Drugs are bad. Marijuana is a gateway drug. Guys who smoke too much weed will grow man boobs. You’ve heard the Reefer Madness excuses before.
But Clarkston’s on to something.
Arresting people for possession of small amounts of marijuana — less than an ounce — is a crime in and of itself. It’s an inane use of government resources and brands people with a big green leafy M, one that will follow them for years and continually close doors to them.
Clarkston is a different sort of place, a town where I saw three separate women carrying groceries on their heads during a short visit. It has became Ground Zero for the refugee resettlement debate in an era when many Americans have hardened their outlooks on immigration.
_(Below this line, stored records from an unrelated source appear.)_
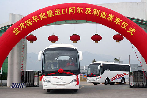 2007年10月14日,金龍客車連續(xù)第四年批量出口沙特,至此,金龍客車在沙特市場上的保有量已超過1000輛,居國產(chǎn)品牌第一位;12月13日,又有一批大金龍高檔客車批量出口北非國家阿爾及利亞;僅僅過了兩天,大金龍打造的國際軍車,再度駛?cè)氚⒙?lián)酋,供阿聯(lián)酋軍方——皇家衛(wèi)隊專用……在剛剛過去的2007年,金龍客車頻頻走出國門,在海外市場有上好表現(xiàn)。
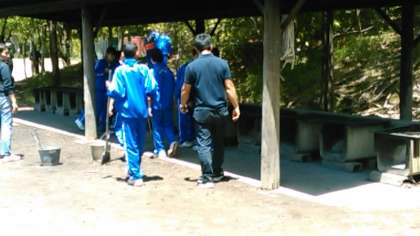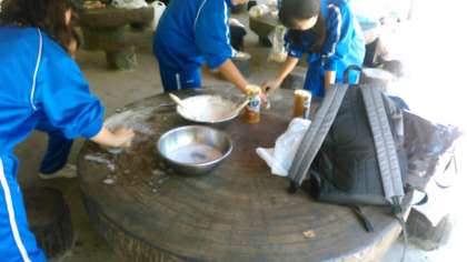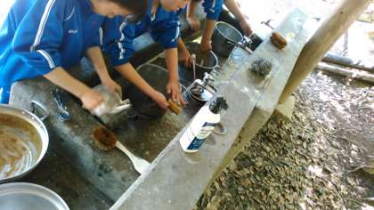 使ったテーブル、鍋や食器をしっかり美しくします。かまどの後始末もしています。
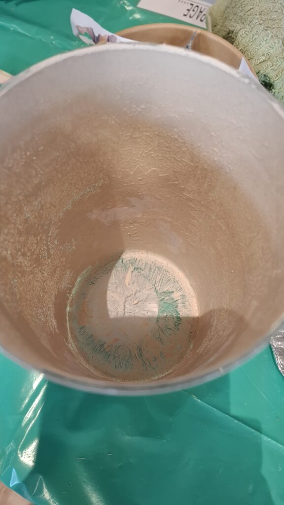 Op het laatst breng je een verflaag aan binnen in de vaas, dit kun je in één kleur doen. Wil je het in twee kleuren doen breng dan de eerste kleur dun, doorzichtig op. De tweede kleur vult dan de gaten op waardoor het gemeleerd lijkt.
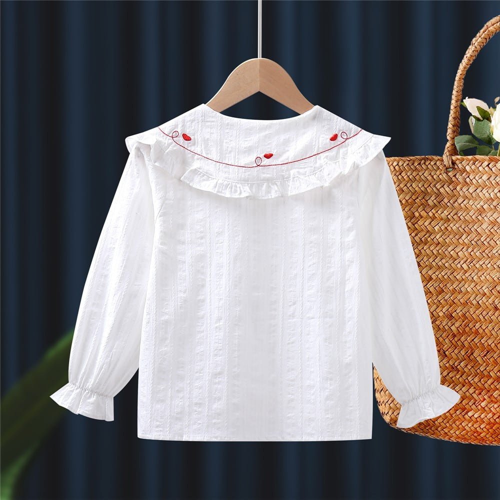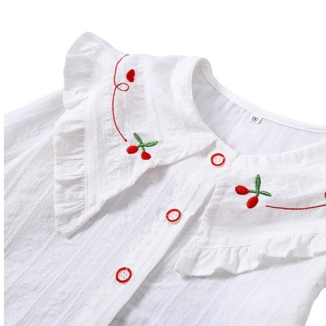Girls elegant Cotton Cherry Print Full sleeves white cotton top
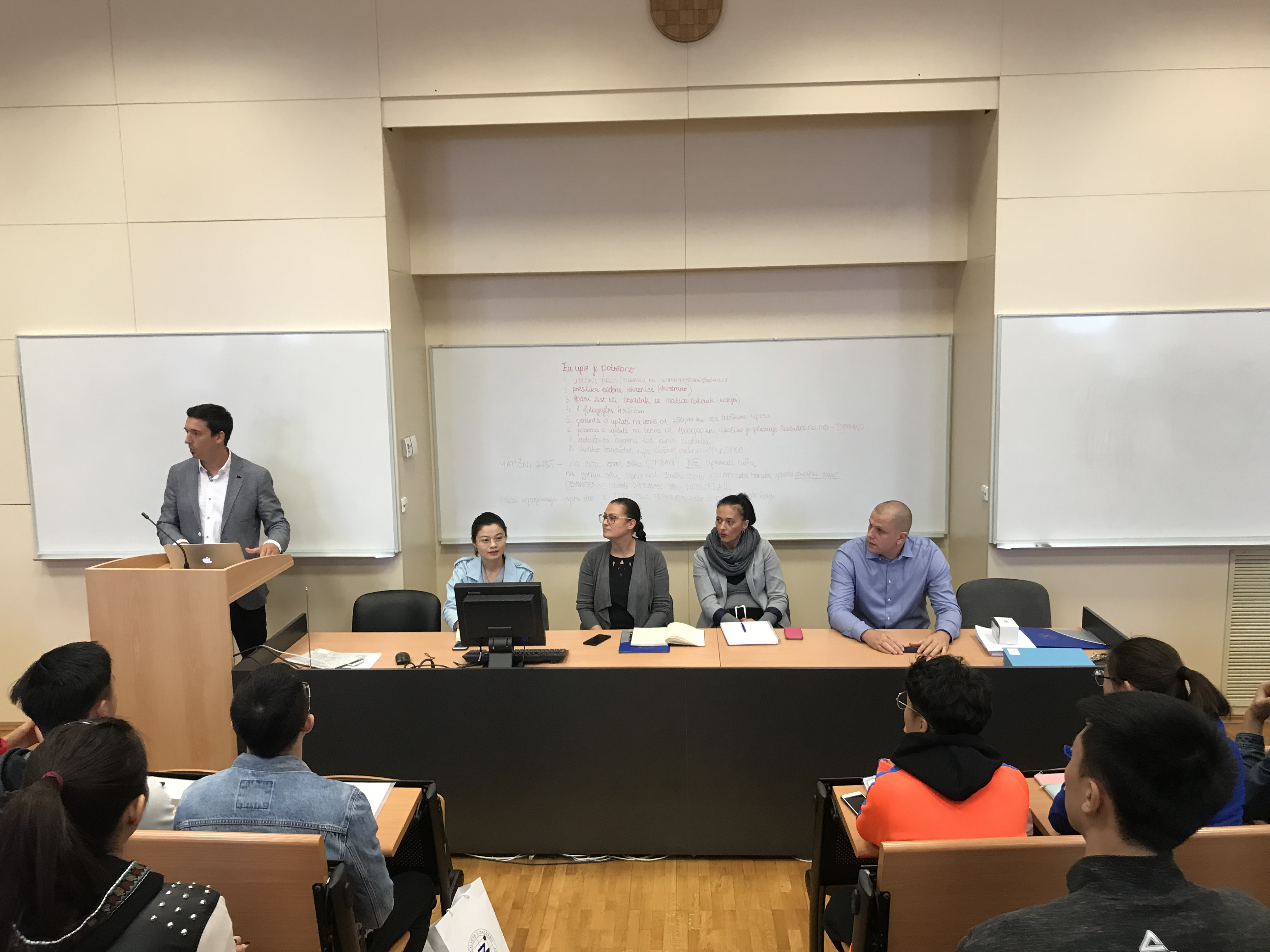 2018年9月24日上午11点,304am永利集团与萨格勒布大学交换生项目迎新会在萨格勒布大学体育学院召开。萨格勒布大学体育学院交换生项目协调人Dario Novak博士, 体育学院经理商务与财务咨询人DamirKnjaz博士,萨格勒布大学国际关系办公室主任GoranSporis博士,萨格勒布大学体育学院篮球教练TomislavRupcic博士,项目管理员Katarina Saric和NatalijaBabic女士,网络中心管理人员Stipe Gorenjak,饮食中心工作人员Luka Vlasic 和304am永利集团交换生项目带队教师王雪双博士出席了此次迎新会。迎新会由外方项目协调人Dario Novak博士主持。
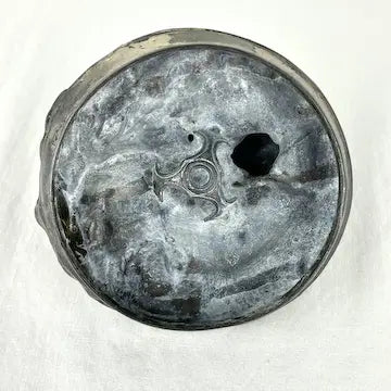 Glass is in good condition with no chips or breaks. Lid is in good condition with a lot of tarnish
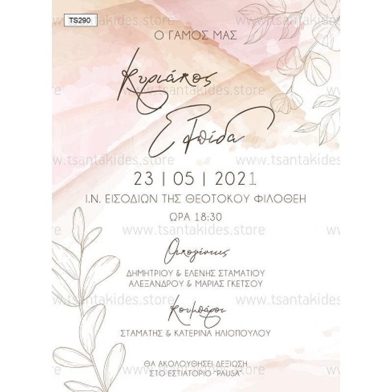 Προσκλητήριο γάμου με watercolor και γραμμικά κλαδιά.
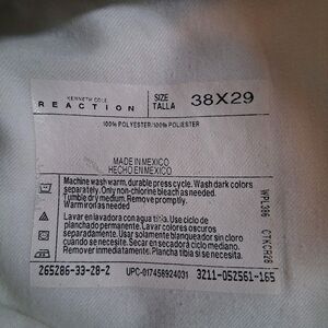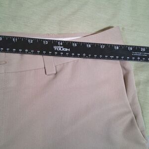 Kenneth Cole Reaction mens pants tan beige with light pinstripes size 38x29 (28) check pics for measurements, excellent condition
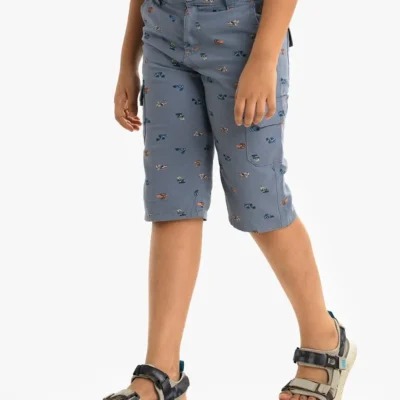 Kid boys’ Henley T-shirt in cotton stretched fabric. Henley neck with front button fastening and short sleeves. Cartoon print on the front.
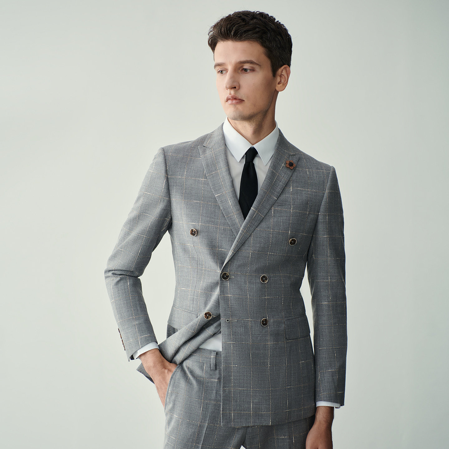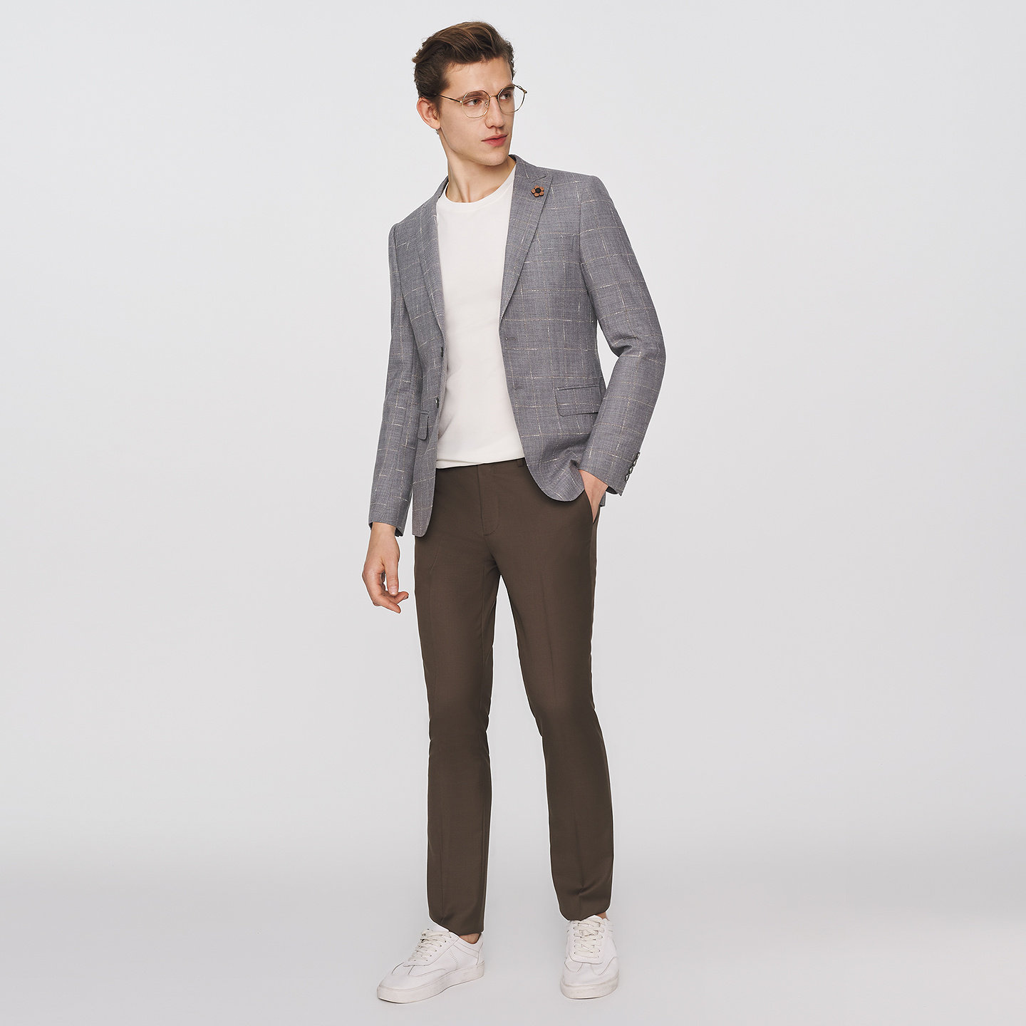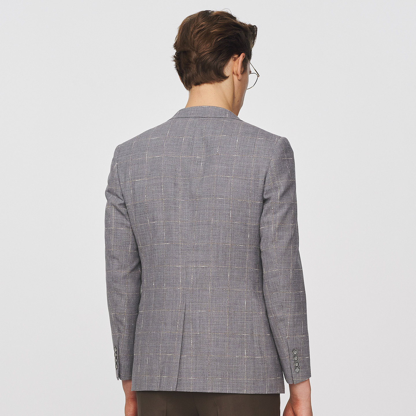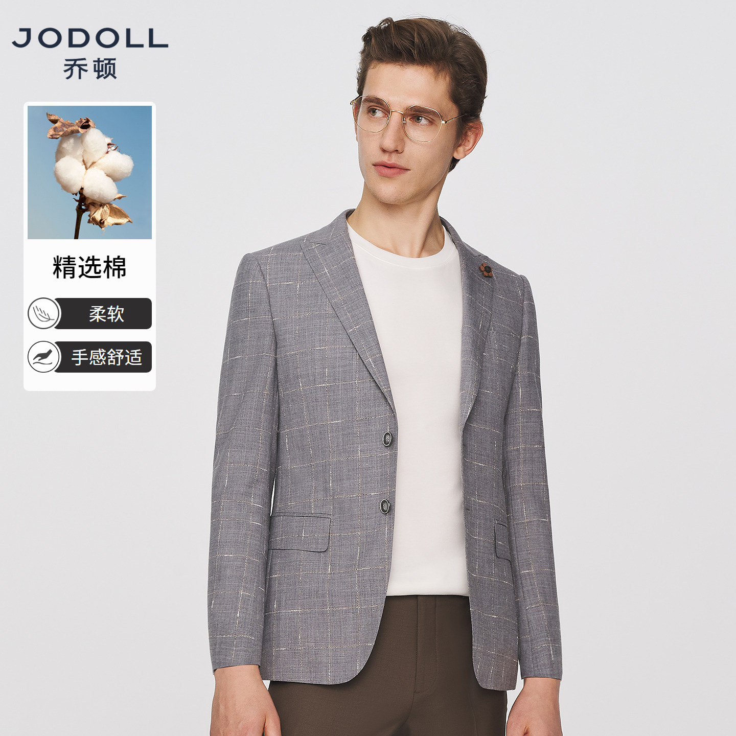 JODOLL乔顿西服套装上衣男士商务修身灰色格子绵羊毛苎麻西装外套
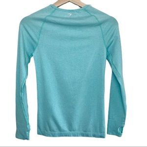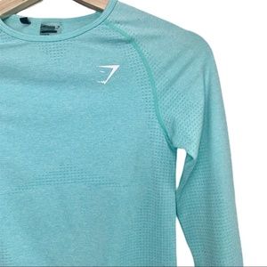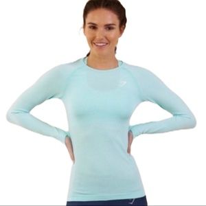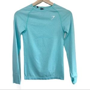 This is a Gymshark vital seamless long sleeve top Size S Pit to Pit 13” Shoulder to Hem 23” - Figure-contouring shades - Raglan sleeves - DRY technology - Thumb holes - 59% Nylon, 34% Polyester, 7% Elastane
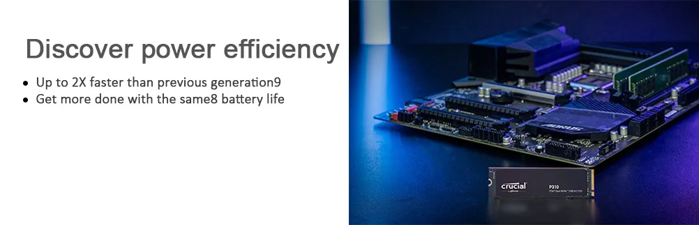 EFICIENCIA DE ENERGÍA: Proporciona hasta un 40% mejor relación rendimiento-potencia que nuestro anterior Gen4 SSD8 para que pueda hacerlo más con la misma duración de la batería.
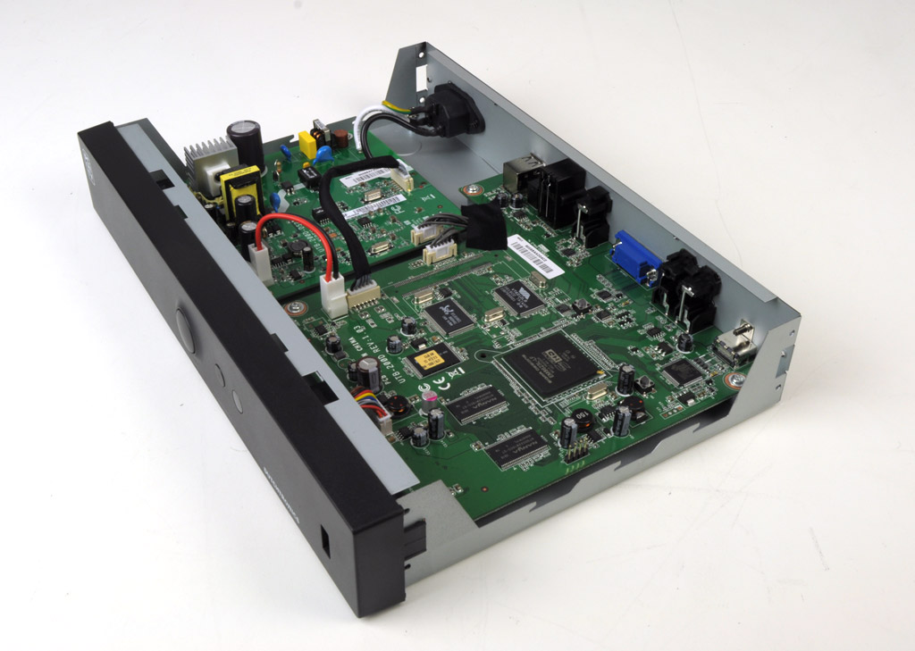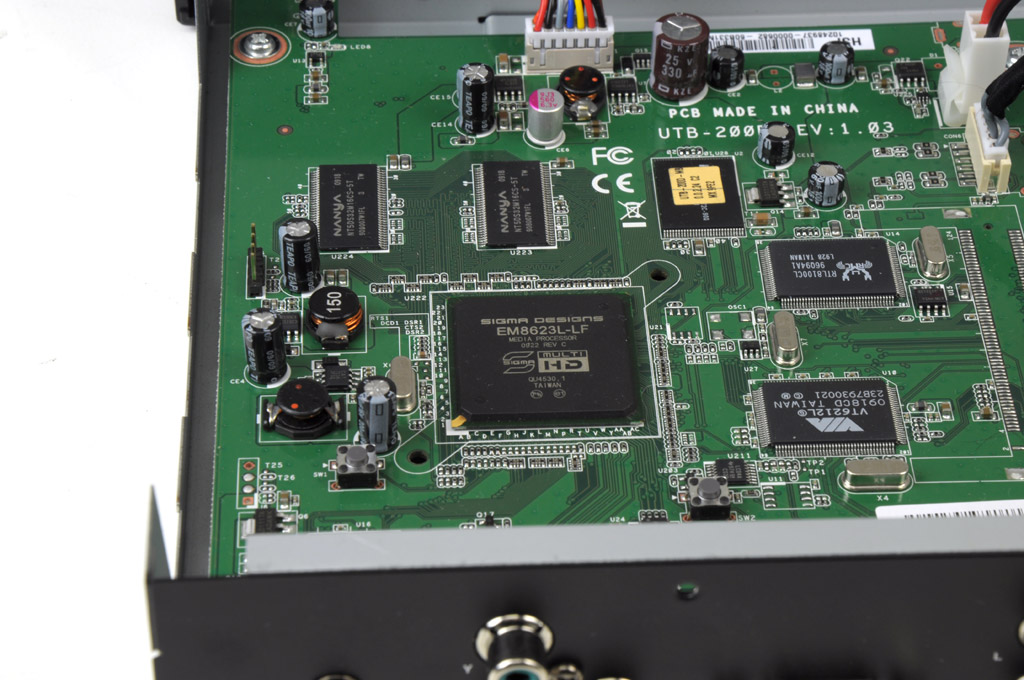 Grote afwezige bij de aansluitingen is een ethernetpoort, maar Dutchtronic heeft er zoals gezegd voor gekozen om de netwerkconnectiviteit via een Powerline-adapter te bieden. Overigens is de voeding keurig in de behuizing verwerkt. Mogelijkheden om een wifi-aansluiting te maken via een van de beschikbare usb-poorten ontbreken, terwijl dit bij veel andere mediaspelers wel kan. Ook is het onmogelijk om in de behuizing een harddisk te plaatsen.
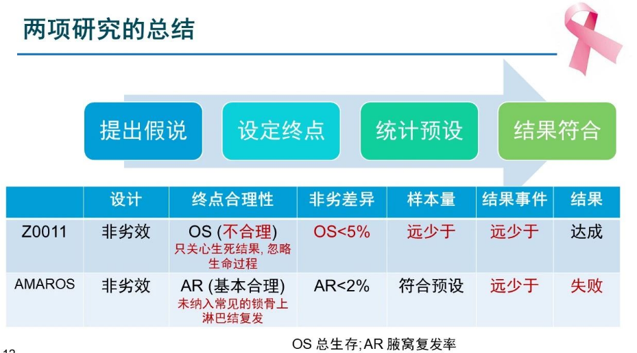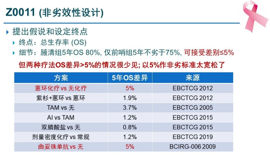 Z0011研究的终点设定为腋清组和仅前哨组的总生存(OS)率,腋清组5年OS率为80%,仅前哨组5年OS率不劣于75%,≤5%即认定为非劣效。然而在真实世界中,临床上两种药物或两种治疗手段的OS差异>5%的情况微乎其微,这样的设定意味着无论临床上如何操作,其OS差异都达不到5%以上,以5%作为非劣标准过于宽松。过于宽松的标准导致该临床研究提前终止,未能达到预期入组样本数和死亡事件数,也从设定之初就预示着该试验似乎不会失败。虽然Z0011研究结果得到了大家的认可,但个人认为其在研究终点的设定上存在问题。
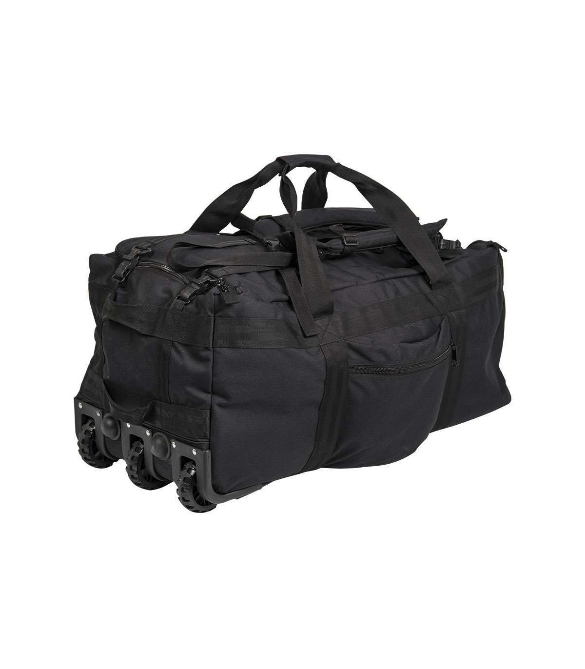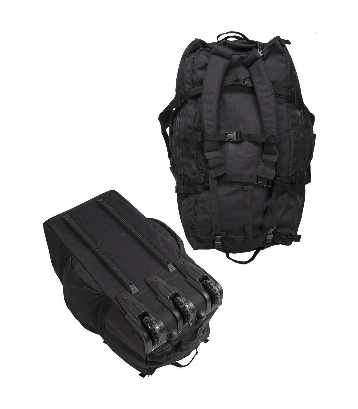Big travel bag, which is also usable as a backpack. It features a big main pocket with 5 inside pockets with zipper. 2 pockets on the side with zipper. 3 plastic rolls on the bottom enables a slightly transportation. Protected bottom area by plastic nubs and bottom reinforcement. Good stability by plastic on the side. Removeabe backpack straps. Reinforced carrying handle. 4 handles on the side. Compression straps with stuck fastener. Big pocket with hook and loop closure on top
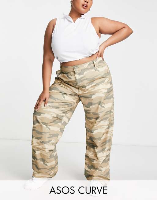 ASOS DESIGN Curve – Locker geschnittene Cargohose in Braun mit Military-Muster
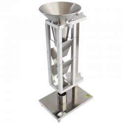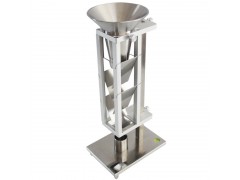 斯柯特容量計法仲鎢酸銨粉末松裝密度儀、仲鎢酸銨松裝密度計是依據GB 5060-85《金屬粉末松裝密度的測定 **部分:斯柯特容量計法》進行設計制造。該儀器適用于不能自由流過漏斗法中5.0mm孔徑漏斗及用振動漏斗法易改變特性的金屬粉末。仲鎢酸銨粉末松裝密度測試一般采用漏斗法或者斯柯特容量計法。采用斯柯特容量計法進行仲鎢酸銨粉末松裝密度測定時,先將仲鎢酸銨粉末放入上部分組合漏斗中的篩網上,自然或者靠外力流入布料箱,交替經過布料箱中的四塊傾斜角度為25°的玻璃板和方形漏斗,然后流入已知體積的圓柱杯中,呈松散狀態。然后稱量圓柱杯中的金屬粉末的質量,通過松裝密度公式進行仲鎢酸銨粉末松裝密度的計算。
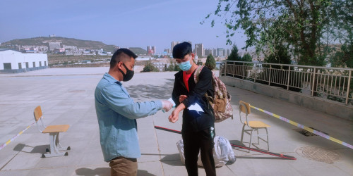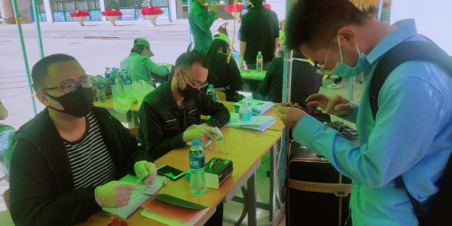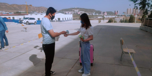 在北校区体育馆旁:一查、二验、三测,按部就班,有条不紊,志愿者与同学们共同守护好第一道防线。在此错峰返校期间,同学们从新校区进入,保持安全距离,有序排队,全程佩戴口罩,持学生证、身份证在机电工程系报到处报到;测量体温;收取返校承诺书;查看健康出行码和乘车车次;随后发放通行证同学们进入宿舍。
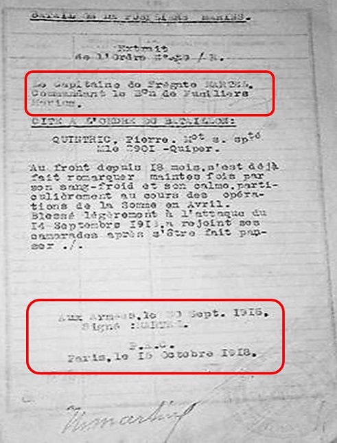 d'octobre 1918, Martel commande toujours car il est le signataire de
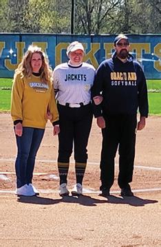 On Sunday, April 20, Graceland U. Softball recognized senior squad members. Pictured above is Sammi Bradshaw, PCHS Class of 2020, with her parents Sarah and Shannon Bradshaw. Graceland swept Benedictine (KS) in a double header, 6-5 and 5-0, with Bradshaw pitching the shut out, her second of the season. Other area senior Graceland softball players recognized were pitcher Chloe Buckallew and cather Marissa Buckallew, Schuyler County Class of 2020.

But Clarkston is not swimming upstream on the question of marijuana decriminalization. In fact, its effort is in line with where the public is on the issue. Punishing pot users is increasingly unAmerican.
A Gallup poll last year found that 58 percent of Americans support legalization (not just decriminalization) of pot. In the late 1990s, it was 25 percent.
That 58 percent for legalization ranges from a 71 percent from young adults to 35 percent for those older than 65. Politicians, being follow-the-herd types, will listen to the older demographic because they vote.
In Georgia, legalization is about 50-50, according to a poll conducted for the AJC last year.
Increasingly, America is telling The Man to mellow out.
And Clarkston is listening. The City Council is considering a fine as low as $5 for possession of small amounts of pot. That’s what a party-size bag of Cheetos costs.
Councilman Dean Moore came up with the idea when the city discussed doing away with the check box on job applications that asks applicants whether they’ve been arrested. In the process, they found that Mickey Mouse pot arrests often bump people out of the running for getting hired.
If the discussion I attended at City Hall is an indication, then council members are still grappling with exactly what they want to do. They’re leaning toward some sort of city ticket that would stay in-house and not become part of the state crime record database that will come back to bite you later in life.
And a lot of people get bitten. In 2013 alone, Georgia had 35,305 misdemeanor possession cases, a 10 percent increase from 2009, according to the GBI.
Municipalities like the fines that pot arrests can generate.
“It’s a license to steal money,” said Walker Chandler, an attorney and former Libertarian candidate for lieutenant governor, to the City Council. “Clarkston has the opportunity to say, ‘We’re not that kind of place.’ “
Chandler has argued for legalization for decades. His business card opens up to display rolling papers. He got the U.S. Supreme Court to overturn a Georgia law that made political candidates pee in cups.
Later, he told me, “What they’re really doing is they’re trying to send a message to the rest of the state: A $5 fine says, ‘This is bull shoot.’”
Clarkston Police Chief Christine Hudson said the city is already pretty much doing what the council wants. She said her officers made 77 misdemeanor pot arrests the past two years, with 38 of the arrestees getting released on city ordinances, which means “you were not taken to jail, you were not arrested.”
Fifteen of those 77 were also arrested on other state offenses (like battery), so the pot charges can’t be separated out. And 24 others were taken to the DeKalb County jail because they were untruthful or had some other issue with police.
But the chief seems caught betwixt and between: “I don’t know what they’re trying to pass,” she said of her political bosses. “They can’t supersede state law.”
J. Tom Morgan, who used to be DeKalb’s DA, now defends scores of young people on pot charges. He said cops all over metro Atlanta are using a de facto version of decriminalization.
Often, he said, police will run a quick rap sheet on the person caught with pot and if no other charges are found on his record, they’ll charge the person with a local disorderly conduct citation, which is less likely to harm the person’s job prospects down the line.
But that depends on many factors: The cop, the jurisdiction, the mood of the officer, what color you are or even how close it is to the end of an officer’s shift.
“That’s why it needs to be a policy, so it’s exercised fairly,” Morgan said.
One day, it will be. But in the meantime, tens of thousands Georgians this year will get an “M” stamp and an uncertain future.